Experimental program
Comparison scheme
Effect test

Embodiment 1

[0035] (1) Preparation I 3 K polypeptide molecule 4.0mmol / L aqueous solution, ultrasonic mixing, ultrasonic power 100W, ultrasonic time 10min; stand at room temperature for 3 days to make it self-assemble into a long fiber structure, at this time the system cannot form a hydrogel;

[0036] (2) Add GO sheets with a length of 300±200nm, a width of 300±200nm, and a thickness of 1-2nm in the solution containing the long polypeptide fiber structure, so that the concentration of the GO sheet is 0.1mg / mL (that is, every mL Add 0.1mg GO flakes to the solution), mix with ultrasonic, the ultrasonic power is 100W, and the ultrasonic time is 12min; the pH value of the mixed solution is adjusted to 10.5 by using NaOH solution with a concentration of 0.5mol / L, and it is allowed to stand at room temperature for 6 hours to form a hybrid Hydrogels.

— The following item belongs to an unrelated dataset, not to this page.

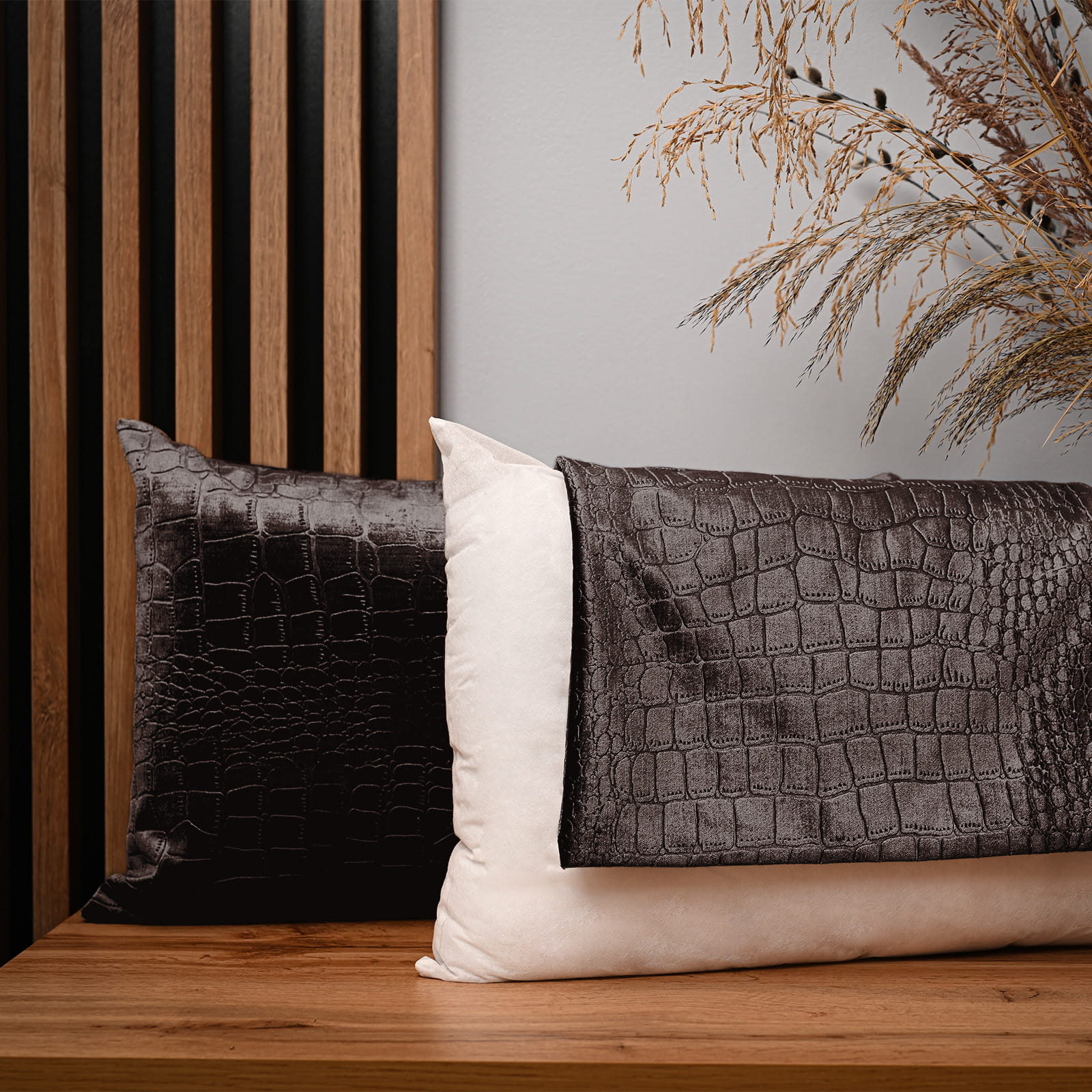 Dekoracyjna poszewka na poduszkę 30x50 cm w kolorze brązowym z tkaniny welurowej z wytłaczanym wzorem “skóra krokodyla”

[0037]The storage modulus (G') of the hydrogel obtained in Example 1 can reach 4000Pa, the energy dissipation modulus (G") can reach 500Pa, and ...

Embodiment 2

[0039] (1) Prepare K 3 A 3 I 3 G 3 V 3 Polypeptide molecule 4.0mmol / L aqueous solution, ultrasonic mixing, ultrasonic power 100W, ultrasonic time 10min; stand at room temperature for 3 days to make it self-assemble into a long fiber structure;

[0040] (2) Add GO sheets with a length of 300±200nm, a width of 300±200nm, and a thickness of 1-2nm to the above-mentioned long fiber structure solution, so that the concentration of the GO sheet is 0.02mg / mL, ultrasonically mix, and the ultrasonic power 100W, ultrasonic time is 10min; use 0.5mol / L NaOH solution to adjust the pH of the mixed solution to 10.0, and let it stand at room temperature for 6 hours to form a hybrid hydrogel.

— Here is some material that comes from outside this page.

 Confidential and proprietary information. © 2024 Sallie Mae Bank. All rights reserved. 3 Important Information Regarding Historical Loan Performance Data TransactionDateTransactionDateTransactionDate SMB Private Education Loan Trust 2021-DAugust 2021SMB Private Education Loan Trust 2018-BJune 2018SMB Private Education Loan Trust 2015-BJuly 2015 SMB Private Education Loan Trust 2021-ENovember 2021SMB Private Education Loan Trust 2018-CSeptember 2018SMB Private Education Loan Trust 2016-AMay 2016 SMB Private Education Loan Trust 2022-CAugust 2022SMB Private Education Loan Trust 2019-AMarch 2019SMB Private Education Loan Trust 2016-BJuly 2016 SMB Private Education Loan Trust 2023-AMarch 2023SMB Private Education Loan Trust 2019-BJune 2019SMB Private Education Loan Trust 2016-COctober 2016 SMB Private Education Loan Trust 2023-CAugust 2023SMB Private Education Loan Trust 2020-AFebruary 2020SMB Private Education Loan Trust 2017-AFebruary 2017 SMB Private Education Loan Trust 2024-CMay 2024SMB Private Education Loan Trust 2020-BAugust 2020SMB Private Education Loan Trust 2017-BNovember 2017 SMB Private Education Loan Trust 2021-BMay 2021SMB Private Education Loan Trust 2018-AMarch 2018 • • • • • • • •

[0041] The storage modulus (G') of the hydrogel obtained in Example 2 can reach 5000Pa, the energy dissipation modulus (G") can reach 600Pa, and the gel pore size is less than 500nm; the self-supporting hybrid Hydrogels.

Embodiment 3

[0043] (1) Prepare K 3 A 3 I 3 G 3 V 3 Polypeptide molecule 4.0mmol / L aqueous solution, ultrasonic mixing, ultrasonic power 100W, ultrasonic time 10min; stand at room temperature for 3 days to make it self-assemble into a long fiber structure;

[0044] (2) Add GO sheets with a length of 300±200nm, a width of 300±200nm, and a thickness of 1-2nm to the above-mentioned long fiber structure solution, so that the concentration of the GO sheet is 0.1mg / mL, ultrasonically mix, and the ultrasonic power 100W, ultrasonic time is 10min; use 0.5mol / L NaOH solution to adjust the pH of the mixed solution to 10.0, and let it stand at room temperature for 6 hours to form a hybrid hydrogel.

[0045] The storage modulus (G') of the hydrogel obtained in Example 3 can reach 6000Pa, the loss modulus (G") can reach 1000Pa, and the gel pore size is less than 500nm. figure 2 It is the rheological measurement result of the hybrid hydrogel of this embodiment; a self-supporting hybrid hydrogel can...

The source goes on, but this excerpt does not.